C'est là que je la sens, entre le paquet de mouchoirs et le fond de la poche. Une pierre toute ronde, lisse comme un galet, avec juste quelques stries sur le dessus de la partie la plus bombée. 
J'ai une amie championne du monde pour glisser ses petits galets porte-bonheur dans les poches ou les tiroirs de bureau des copines, elle pense que ça peut aider à éloigner les angoisses et les inquiétudes.
Cela dit, on ne s'est pas vues depuis un moment, donc elle ne peut pas être à l'origine de cette apparition dans ma poche. Et puis globalement, j'ai plutôt les idées roses que noires ces temps-ci, alors elle peut refiler ses petits cailloux à des gens dans le besoin.

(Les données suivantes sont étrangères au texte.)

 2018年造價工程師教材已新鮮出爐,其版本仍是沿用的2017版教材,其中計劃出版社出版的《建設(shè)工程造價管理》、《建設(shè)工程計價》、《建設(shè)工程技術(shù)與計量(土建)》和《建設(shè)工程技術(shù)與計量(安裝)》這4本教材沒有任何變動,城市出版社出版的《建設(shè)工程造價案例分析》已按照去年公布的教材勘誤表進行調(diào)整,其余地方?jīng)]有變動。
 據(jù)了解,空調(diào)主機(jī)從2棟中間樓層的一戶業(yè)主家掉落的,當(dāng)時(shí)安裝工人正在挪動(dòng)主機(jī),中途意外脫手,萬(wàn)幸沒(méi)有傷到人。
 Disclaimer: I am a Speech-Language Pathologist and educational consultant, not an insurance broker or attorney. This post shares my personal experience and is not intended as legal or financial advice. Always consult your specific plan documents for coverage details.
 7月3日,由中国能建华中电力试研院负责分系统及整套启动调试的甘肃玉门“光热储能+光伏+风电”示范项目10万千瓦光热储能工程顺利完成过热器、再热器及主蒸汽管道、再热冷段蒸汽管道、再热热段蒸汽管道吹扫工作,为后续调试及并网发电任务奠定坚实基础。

Quand je le sors de ma poche, le caillou clandestin m'apparaît d'abord assez banal. Il ressemble à ce que mes doigts avaient deviné. Lisse comme un œuf. Et les stries sont en fait des caractères de l'alphabet runique. 
Au moment où je passe mon pouce sur ces symboles, la pluie redouble. Pourtant, je ne la sens pas. Une sorte de dôme lumineux s'est formé autour de moi. Il m'entoure tel un halo irisé passant par toutes les lumières de l'arc-en-ciel. Je ne suis même pas inquiète tant la sensation de chaleur qui m'entoure est sécurisante. Un vrai cocon. 
Les cris des enfants sont loin, je suis dans du coton, bercée par une musique douce qui semble venir...

[bip bip bip]

...ah ben du radio-réveil en fait. 
Qui vient de déclencher sa deuxième alarme parce que je n'avais pas réagi à la première !

La bonne nouvelle, c'est que je suis encore sous la couette.
La mauvaise, c'est que la récré n'est pas encore passée. Et ce bruit sur le rebord de ma fenêtre m'indique qu'il tombe des cordes ! Je sais maintenant d'où venait mon rêve étrange.

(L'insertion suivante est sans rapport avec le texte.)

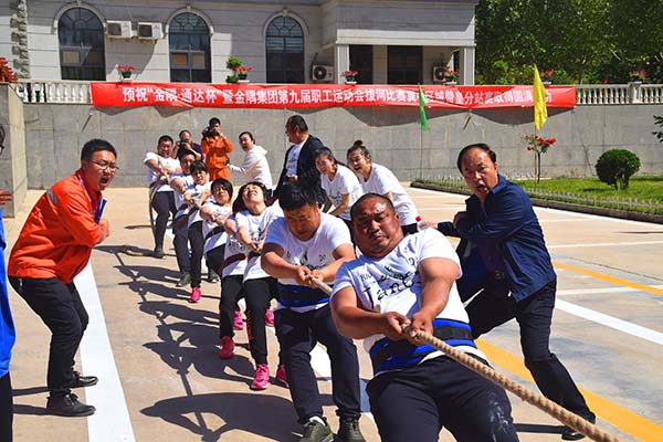 正式比賽前,現(xiàn)場工作人員帶領(lǐng)大家進(jìn)行了拉伸運(yùn)動。當(dāng)比賽的哨聲響起,各公司的隊(duì)員們雙手緊握長繩,口中一齊高呼著“一二、一二”,團(tuán)結(jié)一心,憋足了勁拼命向后拉,各公司啦啦隊(duì)為比賽隊(duì)員吶喊加油,哨子聲、吶喊聲,此起彼伏,飄蕩在贊皇金隅辦公樓廣場上空。經(jīng)過激烈的角逐,最終,鼎鑫——靈壽區(qū)域公司力壓群雄拔得頭籌取得冠軍,易縣——淶水區(qū)域公司榮獲亞軍,贊皇金隅公司榮獲季軍。
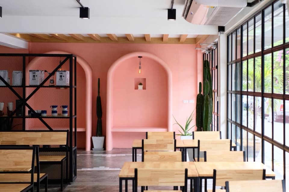 แต่ข้างในก็ตกแต่งสีหวาน ชมพูพาสเทลน่ารักน่าหยิกจนมั่นใจว่าสาวๆ สายคาเฟ่ฮอปปิ้งน่าจะหลงรักที่นี่เหมือนๆ กับเรา
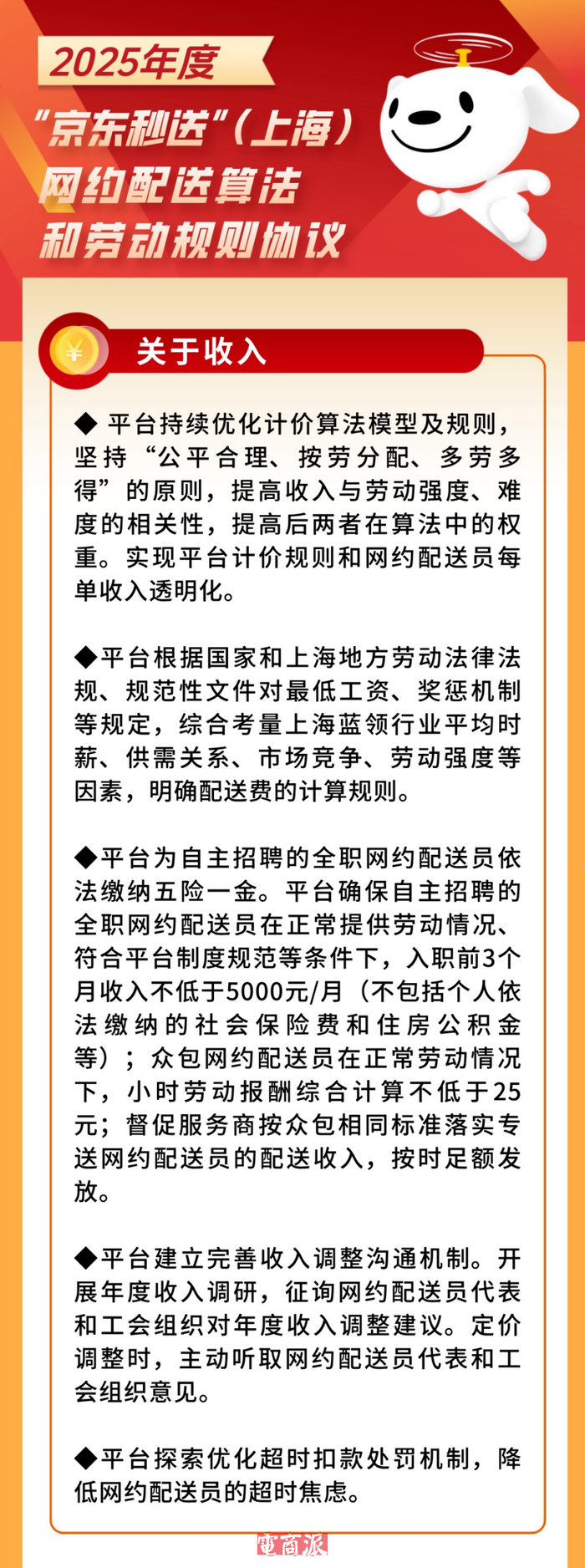 此外,京东秒送还签订了《2025年度“京东秒送”(上海)网约配送算法和劳动规则协议》,内容围绕着骑手收入、休息权益、劳动保护、协商协调机制等多方面展开,给足骑手福利。
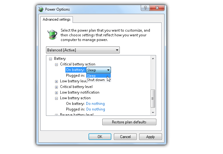 control pannel>> Hardware and Sound>> power options এ যান। "change plan settings এ ক্লিক করুন এবং পরে advanced power settings এ ক্লিক করুন। এরপর Expand Battery>> critical battery action Or Low battery action এ গিয়ে sleep সিলেক্ট করতে হবে। ডিফল্টভাবে লো ব্যাটারি একশন ১০% আর ক্রিটিক্যাল ৫% এ হয়ে থাকে কিন্তু এডভান্সড সেটিং এ গিয়ে আপনি এটাও চেঞ্জ করতে পারবেন।

Douche, petit-dej, je glisse ma gamelle dans un sac, je remballe les dernière copies qui traînent sur mon bureau pour boucler mon cartable.
Chaussures, écharpe, manteau,... 
Avant de partir, je vérifie si j'ai des mouchoirs dans ma poche...
La pierre est toujours là.
par MissTortue

jeudi 20 décembre 2018

Galet

Consigne donnée par la Fée : 
Imaginez que vous mettez la main dans votre poche, et que vous en sortez une jolie pierre. Vous ne savez pas du tout comment elle est arrivée là. Maintenant, vous allez imaginer, et donc écrire, un texte à son propos. A quoi ressemble-t-elle ? Quelle taille fait-elle ? Quelle est sa couleur ? Est-elle adoucie par l’eau de mer, un peu coupante, cabossée, brillante ? Et allez plus loin encore : est-elle banale ? Renferme-t-elle un secret ou les traces d’une civilisation passée ? Est-elle magique ? Et si oui, quelle est sa fonction ? Laissez libre cours à votre inventivité…
A vous de jouer !


Des averses ce matin… Temps d’automne ! Il faut que je ressorte mon imperméable qui restait caché au fond de la penderie depuis le printemps. Non pas qu’il n’aie pas plu de tout l’été, je sens venir les sarcasmes !... Mais, comme tout bon breton, j’ai un imper chaud pour l’hiver et un imper léger pour l’été ; et pas de parapluie, la pluie s’accompagnant le plus souvent de vent rendant l’usage du pépin périlleux. J’enfile mon imper et je sors. 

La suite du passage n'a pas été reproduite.